**Your instructions**
The material below holds a span beginning at the line with "Controversial South African" and ending at the line with "Nước Kangen là". Quote that span exactly, both ends included, and only that span.

**Supplied material**
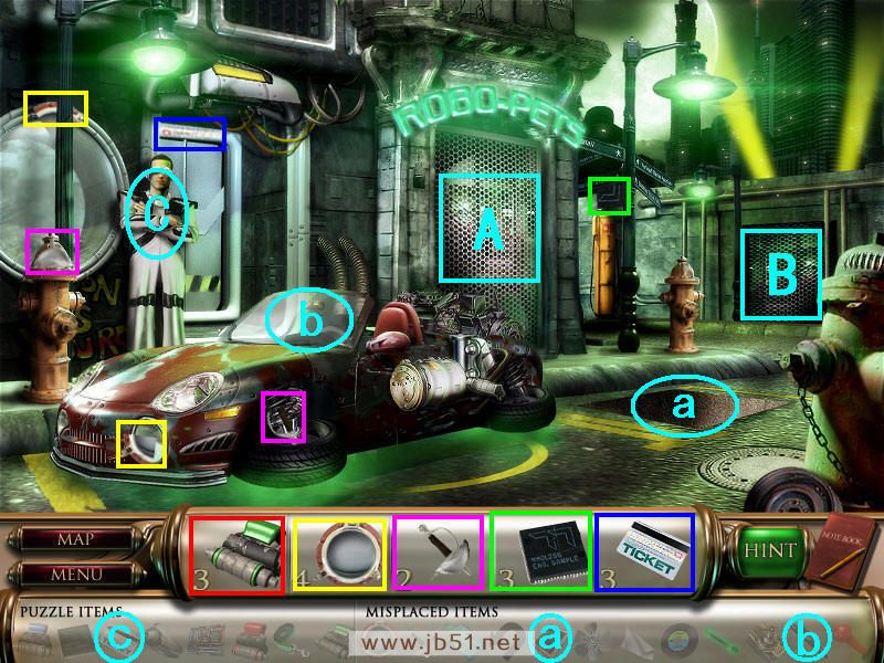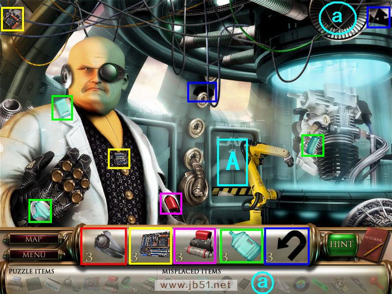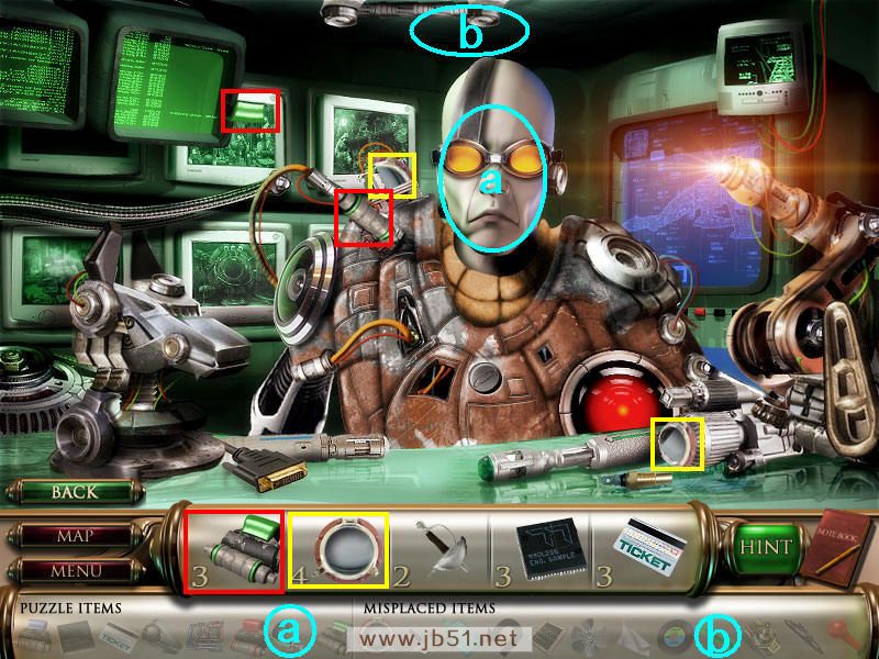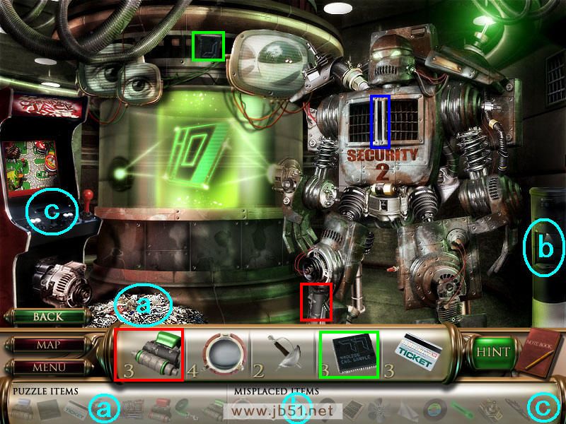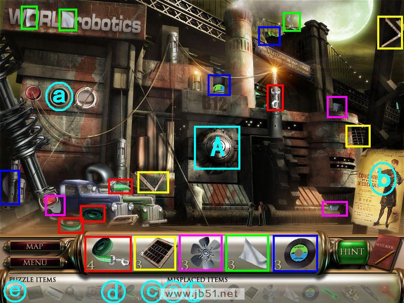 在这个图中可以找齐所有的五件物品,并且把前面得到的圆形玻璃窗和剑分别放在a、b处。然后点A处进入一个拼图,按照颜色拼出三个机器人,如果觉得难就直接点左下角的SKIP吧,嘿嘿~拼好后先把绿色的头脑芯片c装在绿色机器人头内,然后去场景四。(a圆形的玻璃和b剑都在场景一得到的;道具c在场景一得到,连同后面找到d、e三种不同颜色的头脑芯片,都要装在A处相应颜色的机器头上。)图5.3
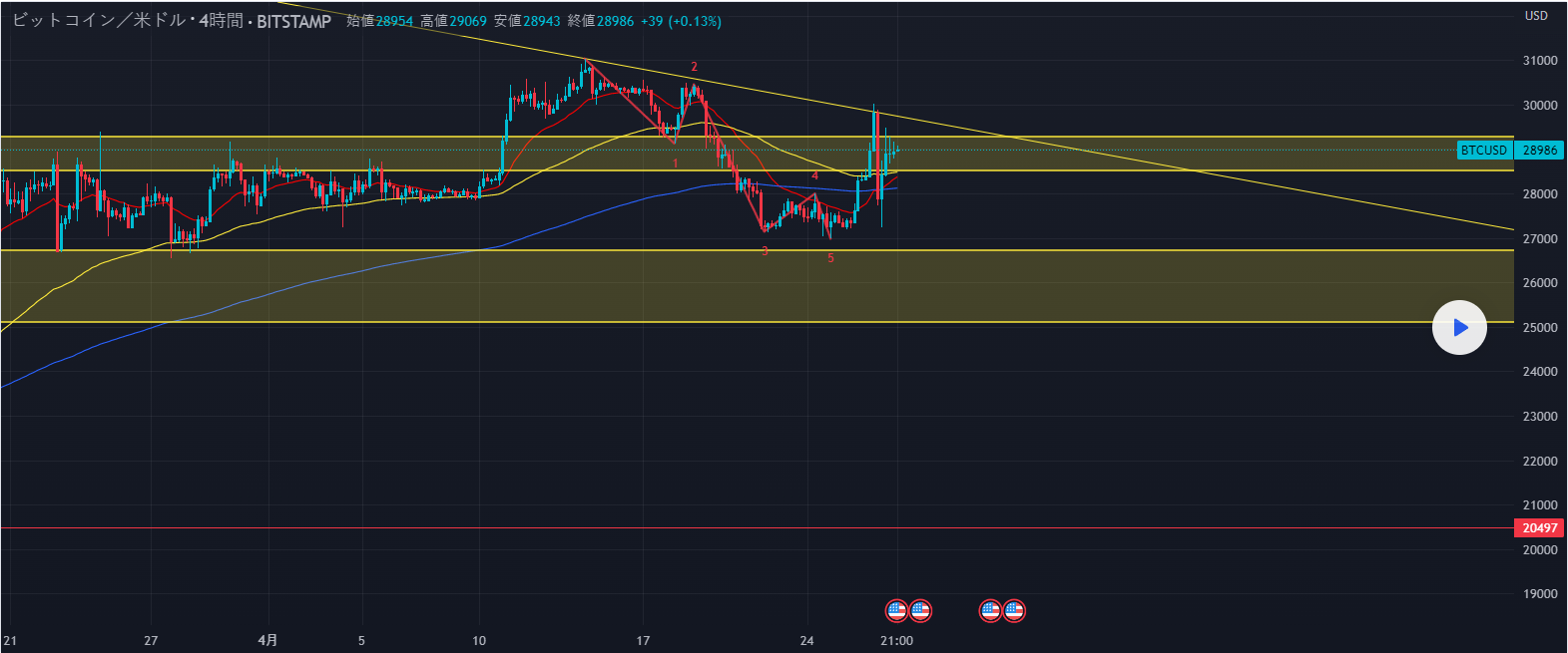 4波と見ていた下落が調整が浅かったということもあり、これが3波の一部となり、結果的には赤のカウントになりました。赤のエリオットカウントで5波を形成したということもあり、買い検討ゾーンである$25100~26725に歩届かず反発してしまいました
==
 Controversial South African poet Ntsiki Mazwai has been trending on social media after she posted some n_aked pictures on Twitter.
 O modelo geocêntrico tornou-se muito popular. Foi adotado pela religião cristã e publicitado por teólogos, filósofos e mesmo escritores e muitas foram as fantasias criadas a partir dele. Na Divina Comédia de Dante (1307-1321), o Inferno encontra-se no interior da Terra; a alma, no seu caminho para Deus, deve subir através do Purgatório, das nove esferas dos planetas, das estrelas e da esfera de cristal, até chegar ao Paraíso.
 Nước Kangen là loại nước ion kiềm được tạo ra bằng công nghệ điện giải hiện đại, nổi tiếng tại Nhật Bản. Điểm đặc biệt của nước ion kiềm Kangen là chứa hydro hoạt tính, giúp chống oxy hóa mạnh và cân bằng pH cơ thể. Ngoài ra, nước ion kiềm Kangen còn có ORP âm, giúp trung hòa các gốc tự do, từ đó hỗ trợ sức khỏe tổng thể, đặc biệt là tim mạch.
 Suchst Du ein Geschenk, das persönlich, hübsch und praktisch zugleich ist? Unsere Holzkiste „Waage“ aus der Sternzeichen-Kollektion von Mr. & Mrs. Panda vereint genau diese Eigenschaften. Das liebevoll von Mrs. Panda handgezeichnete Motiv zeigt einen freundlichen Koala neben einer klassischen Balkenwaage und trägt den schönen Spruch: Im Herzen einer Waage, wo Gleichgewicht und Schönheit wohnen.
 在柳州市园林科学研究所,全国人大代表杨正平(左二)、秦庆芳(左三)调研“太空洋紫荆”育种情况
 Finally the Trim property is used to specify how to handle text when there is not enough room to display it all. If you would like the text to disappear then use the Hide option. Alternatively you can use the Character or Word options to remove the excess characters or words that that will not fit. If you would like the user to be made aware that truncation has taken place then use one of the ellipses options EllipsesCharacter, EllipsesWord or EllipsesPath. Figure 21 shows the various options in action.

**Response for this exercise**
 Controversial South African poet Ntsiki Mazwai has been trending on social media after she posted some n_aked pictures on Twitter.
 O modelo geocêntrico tornou-se muito popular. Foi adotado pela religião cristã e publicitado por teólogos, filósofos e mesmo escritores e muitas foram as fantasias criadas a partir dele. Na Divina Comédia de Dante (1307-1321), o Inferno encontra-se no interior da Terra; a alma, no seu caminho para Deus, deve subir através do Purgatório, das nove esferas dos planetas, das estrelas e da esfera de cristal, até chegar ao Paraíso.
 Nước Kangen là loại nước ion kiềm được tạo ra bằng công nghệ điện giải hiện đại, nổi tiếng tại Nhật Bản. Điểm đặc biệt của nước ion kiềm Kangen là chứa hydro hoạt tính, giúp chống oxy hóa mạnh và cân bằng pH cơ thể. Ngoài ra, nước ion kiềm Kangen còn có ORP âm, giúp trung hòa các gốc tự do, từ đó hỗ trợ sức khỏe tổng thể, đặc biệt là tim mạch.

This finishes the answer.